What keeps a viral polymerase on track?
Project code: SCI023
Many disease-causing human viruses have RNA genomes that are packaged into helical protein-nucleic acid complexes. These structures - termed nucleocapsids - act as the track along which the viral RNA polymerase runs when it transcribes and copies the viral genome.
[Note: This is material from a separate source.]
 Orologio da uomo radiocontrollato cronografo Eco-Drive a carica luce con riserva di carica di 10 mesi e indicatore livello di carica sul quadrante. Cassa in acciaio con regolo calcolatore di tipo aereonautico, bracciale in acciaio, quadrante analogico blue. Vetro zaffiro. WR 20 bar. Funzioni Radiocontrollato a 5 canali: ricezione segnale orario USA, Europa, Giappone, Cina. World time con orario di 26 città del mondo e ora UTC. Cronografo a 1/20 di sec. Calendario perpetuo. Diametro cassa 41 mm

So what prevents the viral polymerase from derailing? For human mumps virus and its closest relatives, the polymerase has flexible leg-like elements that repeatedly bind and release the nucleocapsid as the polymerase moves. In this project you will help us understand how these extremely dynamic regions of the polymerase can flex and reconfigure, by analyzing Nuclear Magnetic Resonance (NMR) spectroscopy data.
The project is suitable for someone with a good background in protein science, and a strong interest in applying physical techniques to understand how molecular machinery works.
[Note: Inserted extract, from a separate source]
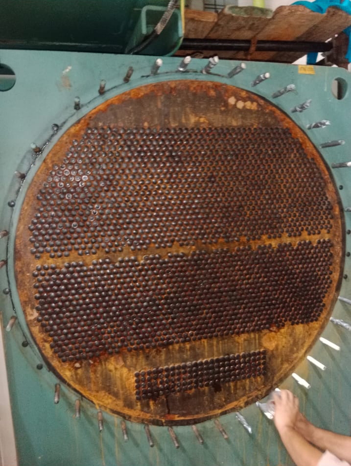 Problem: The tube sheet and end cover of the chiller units were severely corroded, causing a significant decline in efficiency. Furthermore, wear around the gasket seals prevented a proper seal, further affecting the chiller’s performance.
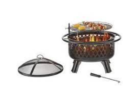 - A two-in-one design ideal for outdoor heating or grilling. Its unique features include a cooking grate for convenient grilling, a mesh screen for safety and a poker. The deep bowl design offers plenty of room for firewood and a 360° view of the fire.

Magnetic resonance imaging (MRI) to investigate variance in ectopic lipid ‘overspill’ in at risk populations for Type 2 diabetes (T2D)
The Peak Nutrition for Metabolic Health ‘PANaMAH’ study is part of the National Science High Value Nutrition program. PANaMAH is focussed on investigating the susceptibility of the Asian population to poor metabolic health and diabetes and to study the association and risk related to the storage of body fat.
Hitherto, body mass index (BMI) and total adipose mass, associated with dysglycemia, were considered adequate predictors of T2D and associated metabolic risk. However latterly, the underpinning susceptibility and resilience to adverse metabolic health has been shown to be the site at which lipids are deposited. Known as ‘TOFI - Thin on the Outside and Fat on the Inside’, seemingly slim individuals are reported to be more susceptible to developing diabetes compared with morbidly obese ‘resilient’ individuals due to lipid ‘over spill’ into ectopic sites such as liver, pancreas and muscle. Asian populations, characterised by the TOFI profile, are at a greater risk of poor metabolic health compared to their European, Maori or Pacific counterparts.
We will determine if lipid overspill matters and is an early event in developing diabetes (n = 100), using state of the art MRI methodology by investigating differences in ‘at risk’ populations, i.e. overweight/obese, healthy/prediabetic Asian Chinese and Caucasian European individuals.
An interest in nutrition, anatomy and/or physiology would be advantageous along with an enthusiasm to work in clinical trials. You will pick up key skills in (a) MRI methodologies, (b) set up and conduct of clinical trials, (c) working with participants and adhering to good clinical practice (GCP) guidelines.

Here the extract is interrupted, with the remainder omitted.